Parlano alcuni dipendenti «civili» della base Usa di
Sigonella
PATRIZIA ABBATE
SIGONELLA (Catania)
«La guerra? In realtà sono almeno tre, quattro mesi che
qui c'è la guerra...». È difficile entrare a
Sigonella, eppure ci sono almeno tremila civili che ci
lavorano dentro, fianco a fianco coi militari, e che
vedono quello che ai parlamentari in ispezione non è
consentito vedere. Aerei che decollano strapieni di merci
«hazardous»,
pericolose. Diretti verso destinazioni «XXX»,
«unknown»,
sconosciute. Luca - il nome è inventato, l'identità
preferisce non vederla pubblicata... - è uno di questi.
Spiega come è difficile continuare a fare il proprio
lavoro in questi giorni terribili in cui il conflitto
vero, nutrito di bombe e morti e visto soprattutto in tv,
si mescola a quello interiore, fatto di crisi personali
rispetto a un'attività che «vuoi o non vuoi, è
comunque di supporto alla guerra». E continua: «Il
lavoro è aumentato notevolmente, non c'è dubbio. Basti
pensare che se normalmente l'attività di atterraggi e
decolli è contenuta quotidianamente in due pagine di
"schede", adesso siamo a otto, nove pagine».
Che in numeri di aerei significa esser passati dalla
normale ventina «a sessanta, settanta voli al giorno».
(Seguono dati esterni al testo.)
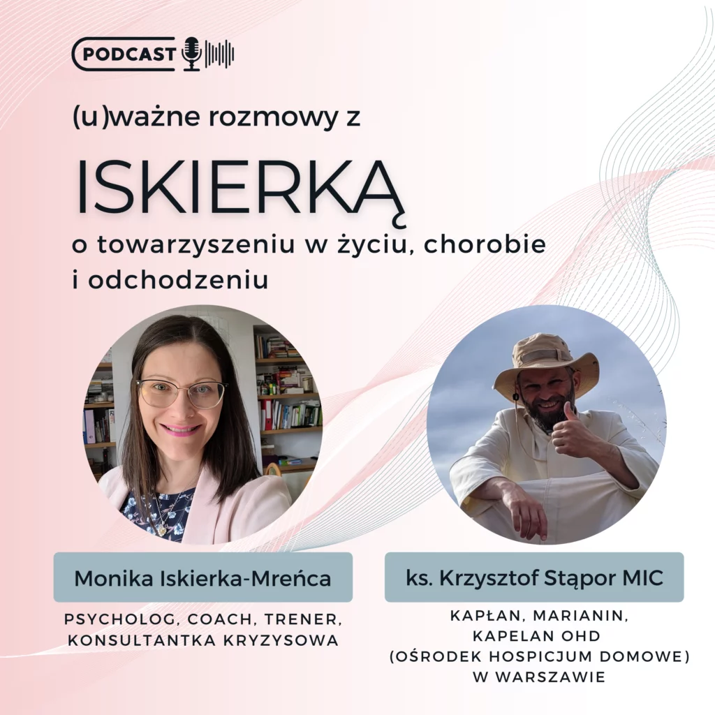 Ten odcinek podcastu jest również małą cegiełką do promocji filmu dokumentalnego „Siewca Nadziei”, o którym wspominamy pod koniec rozmowy. Jest to poruszający dokument o pracy ks. Krzysztofa Stąpora, kapelana hospicjum domowego. Fundacja „Nic Niemożliwego” , która tworzy ten dokument, pisze: „Film ukazuje jego [ks. kapelana] codzienność, w której towarzyszy chorym i ich rodzinom w trudnych chwilach, przynosząc im wsparcie, nadzieję i radość. Chcemy pokazać, jak ważna jest opieka paliatywna i duchowość w obliczu umierania, inspirując widzów do refleksji i większej empatii. „Siewca nadziei” to film o znaczeniu obecności i sile życia w obliczu śmierci. Więcej informacji o projekcie i możliwość wsparcia na stronie internetowej.
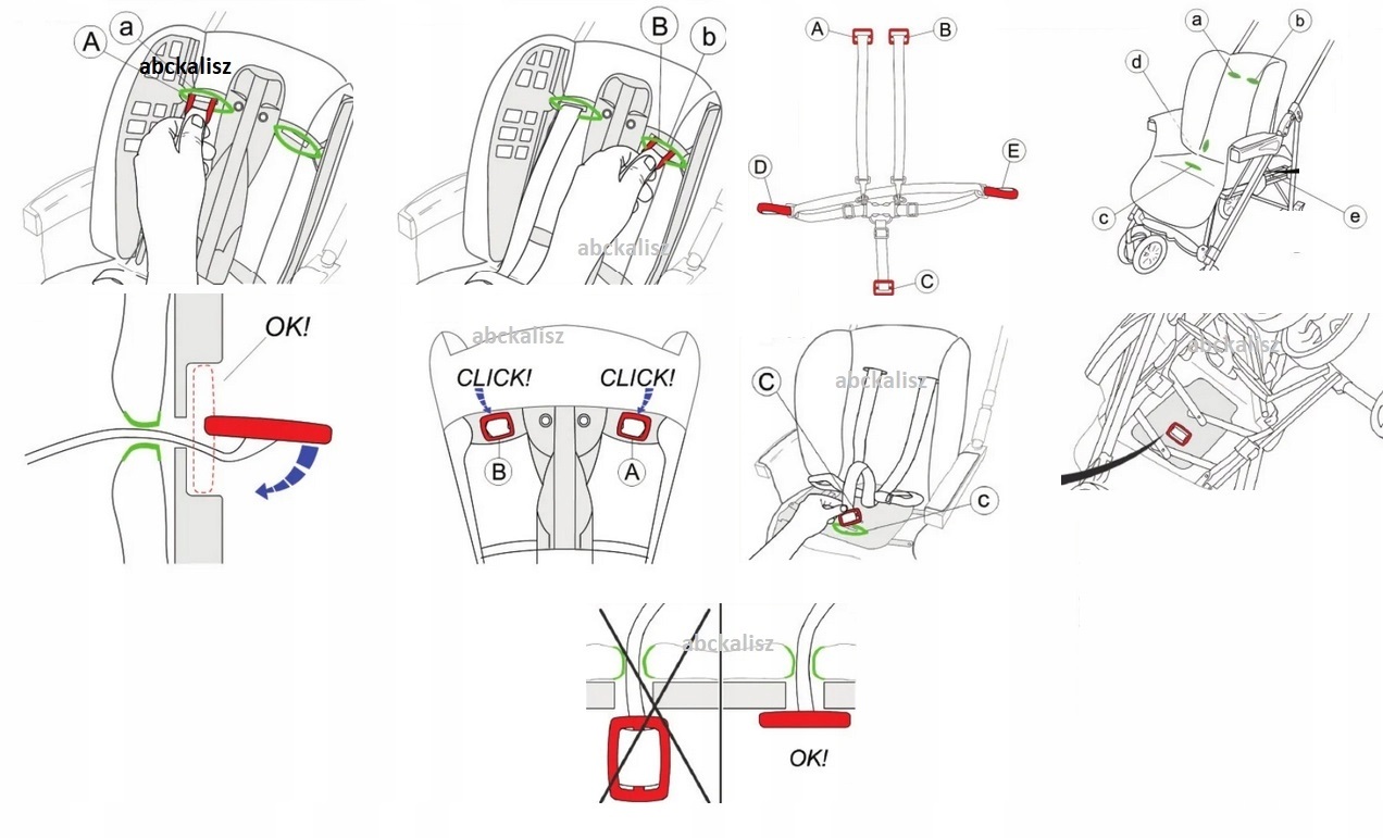 Перевірте перед покупкою, чи є у вашій колясці п'ятиточкові ремені та чи можна їх затягнути. пряжки через отвори на стегнах і на спинці коляски.
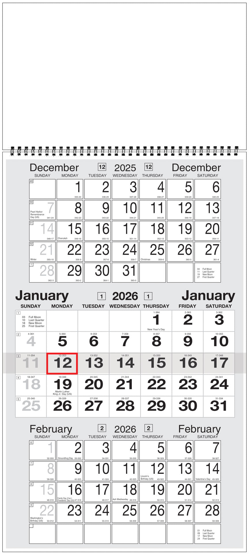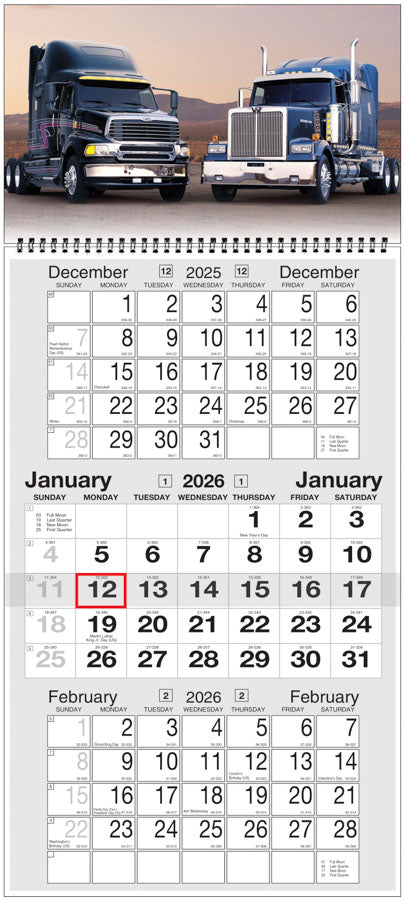 12-sheet 3-month wall planner with large date squares for notes.

Ma non è cominciato ora, assicura Luca. «Sono almeno
tre, quattro mesi che questo movimento è iniziato, segno
che la guerra in Iraq è stata decisa ben prima del
20...». Marco è un altro dipendente di Sigonella,
lavora anche lui nella «zona americana», e conferma:
«Siamo diventando matti... Certo che c'è un incremento
di voli, e di arrivi di persone: sono militari,
familiari, gente comunque diretta al fronte di guerra o
alle basi vicine; che andrà a fare da supporto di vario
tipo...». E soldati? «Certo che ne abbiamo visti, e
tanti: passano da qui, non si fermano a lungo...». I
rapporti con i militari Usa restano cordiali. Solo un po'
più di tensione in generale nella base, «i controlli
sono aumentati, ma non rigidi come nei giorni successivi
all'11 settembre...», ma la sensazione è quella di
lavorare «al buio», «non sappiamo effettivamente cosa
viene trasportato, ma certo che ci sono armi. In alcuni
carichi c'è scritto esplicitamente, explosive
material, con specificato anche il
peso: ce n'è da un quintale; in altri, appunto, c'è
scritto solo "pericoloso"». Le armi sono
depositate in un arsenale che si trova fuori dalla base
propriamente detta, anche se a pochi metri. È il Weapons
department, il deposito esplosivi
che «è controllato esclusivamente dagli americani». E
le destinazioni dei velivoli? «Buona parte del traffico
in questo momento è diretto ad Akrotiri, in Grecia, dove
stazionano le portaerei Truman e Roosevelt, e anche nella
base di Souda Bay, sempre in Grecia. Ma ci sono aerei
diretti in Kuwait, Bahrein... e si fermano quasi sempre
qui, per rifornimenti, i velivoli che arrivano dalle basi
statunitensi...». Il tipo di aerei che fa scalo alla
base è anch'esso vario, dagli elicotteri C2 ai Boeing,
capaci di portare 170 mila pound di carico.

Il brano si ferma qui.